Crises climatiques, chocs géopolitiques et ruptures technologiques fragilisent durablement les organisations. Quelles pratiques permettent de construire une résilience structurelle, capable d’accompagner des changements profonds et durables ? À travers des exemples comme Duralex ou Signify, cet article interroge le rôle des pratiques innovantes dans la capacité des organisations à se transformer pour durer.

Les changements climatiques, la possibilité d’une pandémie mondiale, ou la crise de l’énergie issue de la guerre en Ukraine sont autant de facteurs qui mettent à l’épreuve les organisations. Un exemple récent est celui de l’entreprise française Duralex qui s’est retrouvée en redressement judiciaire en avril 2024. Souffrant non seulement de la compétition d’entreprises étrangères mais également des coûts de l’énergie en très forte augmentation avec la guerre en Ukraine, elle est reprise le 30 juillet 2024 par ses salariés. Elle devient alors une société participative et solidaire (SCOP). La gouvernance de l’entreprise évolue profondément, mettant ses salariés au cœur des décisions et des préoccupations commerciales et opérationnelles. Cette mue, aujourd’hui, semble porter ces fruits. L’entreprise reste fragile financièrement. Mais elle parvient toutefois à initier divers dispositifs lui permettant de rester à flots.

Comme Duralex, les organisations font face aujourd’hui au défi d’une plus grande résilience. Comment les organisations parviennent-elles à faire évoluer leur fonctionnement et leur vision pour devenir plus capables d’absorber et répondre à un environnement plus instable que jamais ? Ce texte présente l’état de cette réflexion au sein de l’équipe M-Lab du laboratoire Dauphine Recherches en Management (DRM), et la façon dont les travaux de ses membres contribuent à aider les organisations à répondre à ce défi.

L’importance de la résilience des organisations

Dans l’environnement qui est le nôtre, instable et difficilement prévisible, la résilience est devenue un enjeu majeur pour les organisations. À force de créer des interdépendances et des vulnérabilités , les organisations se confrontent aujourd’hui à des évènements interdépendants, dont l’impact et les multiples effets cascades sont parfois difficiles à prévoir et éviter. L’intérêt croissant des organisations pour les risques Natech (risque d’accident technologique couplé à un évènement naturel) illustre bien leur prise de conscience quant à la vulnérabilité croissante de l’activité économique à un environnement de plus en plus instable.
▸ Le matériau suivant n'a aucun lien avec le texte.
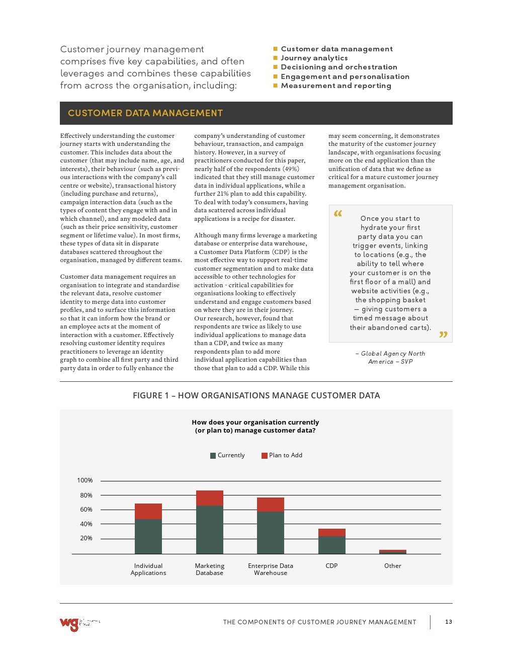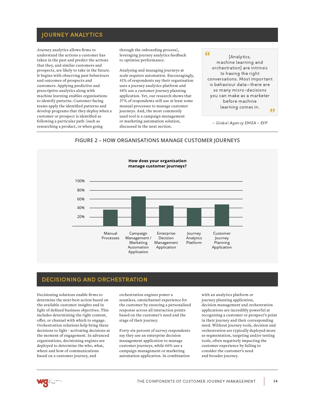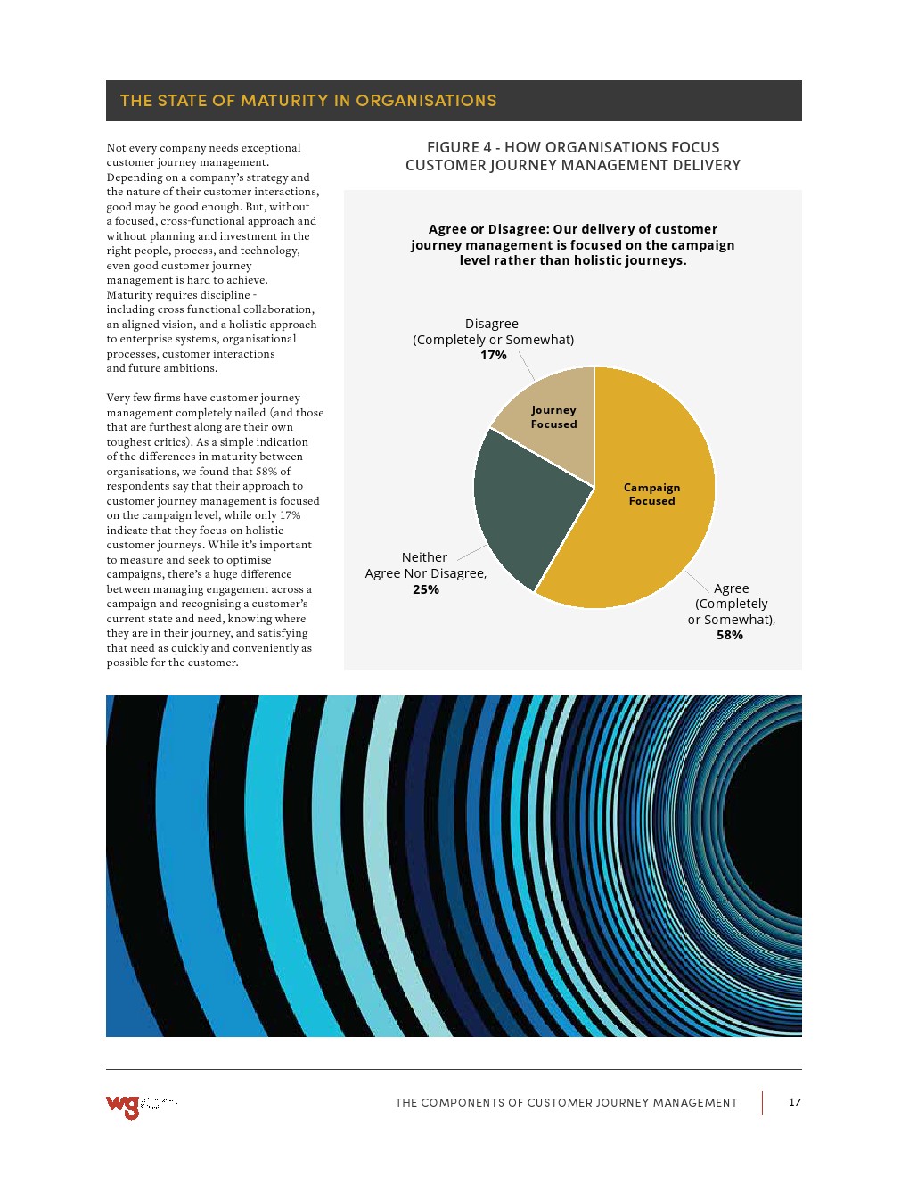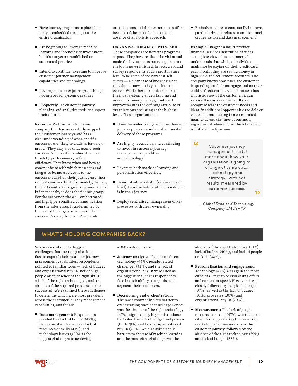 这项研究旨在了解美国和英国企业中客户旅程管理的普遍性和成熟度。 报告分析了公司在客户数据管理、旅程分析、决策和编排、参与和个性化以及测量方面所采用的方法。调查发现,由于缺乏高层支持、技能和资源、预算、技术,或依赖遗留技术等障碍,大多数公司都在努力取得挣扎。与此同时,大多数企业仍然采用营销活动而非以客户为导向的方法:58%的受访者表示他们的客户旅程管理方法侧重于营销活动层面;只有 17%的受访者表示他们专注于整体客户旅程。

Dans ce contexte, il est donc urgent pour les organisations de tous types (privées, publiques) de devenir résiliente. Mais qu’est-ce que la résilience ? Elle est entendue dans le langage courant comme la capacité de résistance face aux chocs. En réalité elle constitue une capacité organisationnelle, celle d’absorber les chocs de façon à retrouver – après la survenue du choc – un fonctionnement acceptable (Frigotto et al., 2022).

C'est par la résilience que les organisations intègrent le changement climatique.
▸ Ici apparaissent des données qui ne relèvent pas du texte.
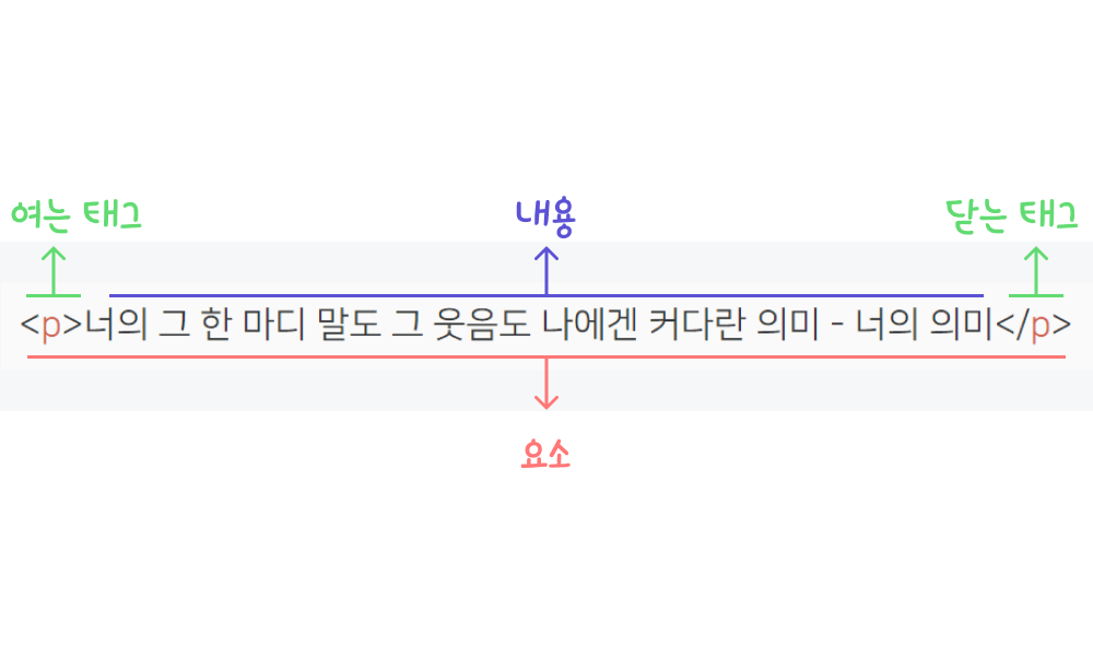 - 요소(element) : 요소는 여는 태그와 닫는 태그, 그리고 컨텐츠로 이루어집니다.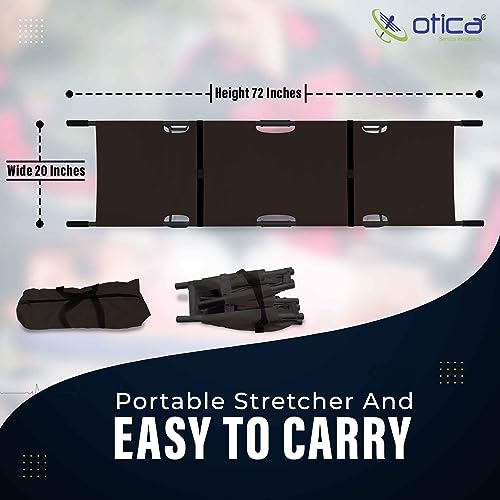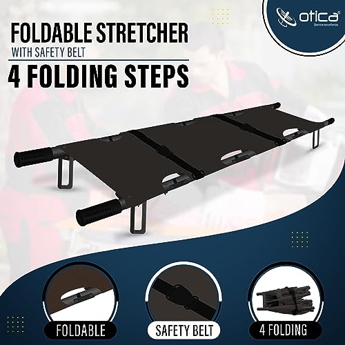 OTICA Foldable Stretcher for Patient Shifting, Portable Stretcher for Emergency Hospital Use, Stretcher for Patient with Safety Belt, Stretcher for Ambulance(Mild Steel) (Four Fold, Black)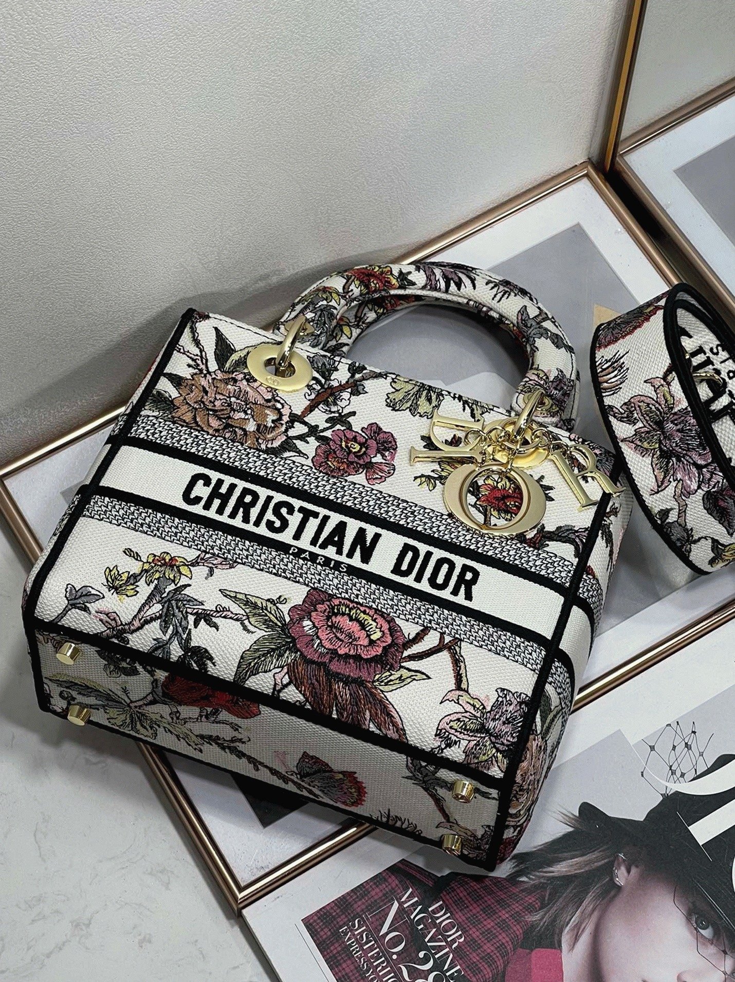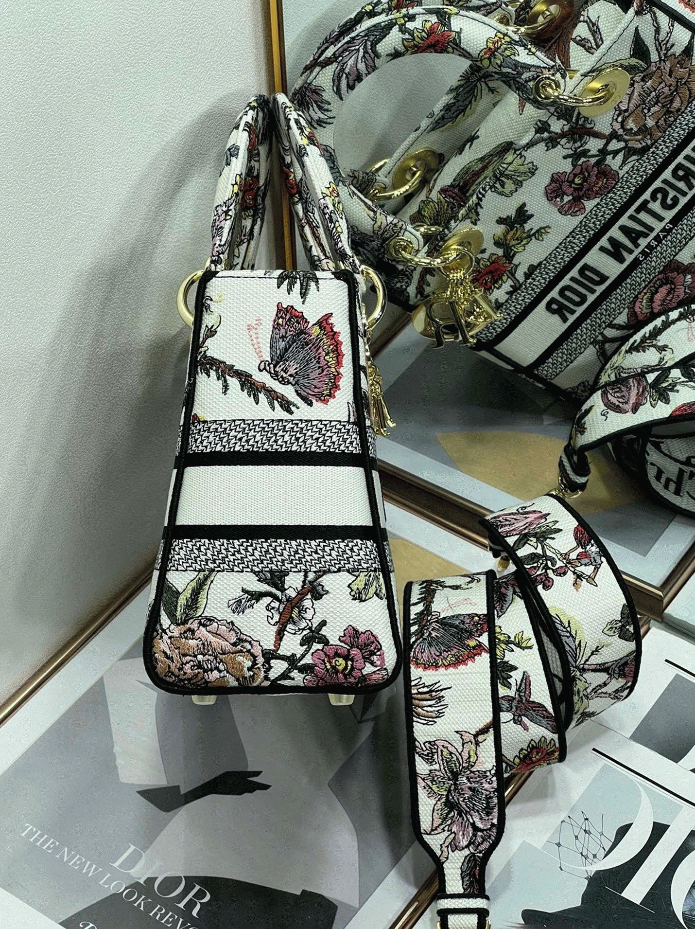 The Lady D-Lite with Jardin Botanique embroidery combines timeless sophistication with contemporary flair, making it a versatile and elegant accessory.

La résilience des organisations comprend à la fois des aspects opérationnels, stratégiques et humains. Elle couvre, entre autres, la capacité des organisations de revoir leur modèle d’affaires rapidement et de concevoir un fonctionnement leur permettant d’augmenter leur fiabilité tout en réduisant leurs vulnérabilités (Linnenluecke, 2017).

L’intérêt de la recherche en sciences des organisations pour la résilience n’est ni neuf ni marginal. En effet, la résilience ne présente pas seulement l’intérêt d’aider les organisations à faire face à l’imprévu à l’instant t. Toute organisation fait partie de systèmes productifs, économiques, sociaux et politiques. C’est leur résilience qui permet à ces systèmes de maintenir un bon fonctionnement des activités humaines sur le long terme, assurant ainsi le bien-être des populations et le Bien Commun (Nebel et al., 2022). C’est aussi par une réflexion sur leur propre résilience que les organisations intègrent des changements structurels de leur environnement, comme le changement climatique.
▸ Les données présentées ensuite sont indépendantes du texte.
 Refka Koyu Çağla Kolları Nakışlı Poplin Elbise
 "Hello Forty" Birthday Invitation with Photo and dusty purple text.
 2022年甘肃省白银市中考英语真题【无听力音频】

La résilience structurelle : une réponse aux changements profonds

La résilience d’une organisation ne consiste pas uniquement en une réponse spécifique à un évènement spécifique. Au contraire, elle revêt un aspect structurel. Pour devenir structurellement résilientes, les organisations doivent se transformer ou engager une transformation qui peut durer des années. Ce processus de transformation fait partie intégrante de la résilience, même s’il reste moins visible qu’une réponse organisée à une crise. Plutôt que de faire face sans cesse à la succession d’évènements imprévus et déstabilisants, le développement d’une résilience structurelle implique un changement de vision du monde par les organisations, une autre conception du travail, des risques, de la collaboration. C’est cette transformation que Duralex a initiée au travers de la création d’une SCOP.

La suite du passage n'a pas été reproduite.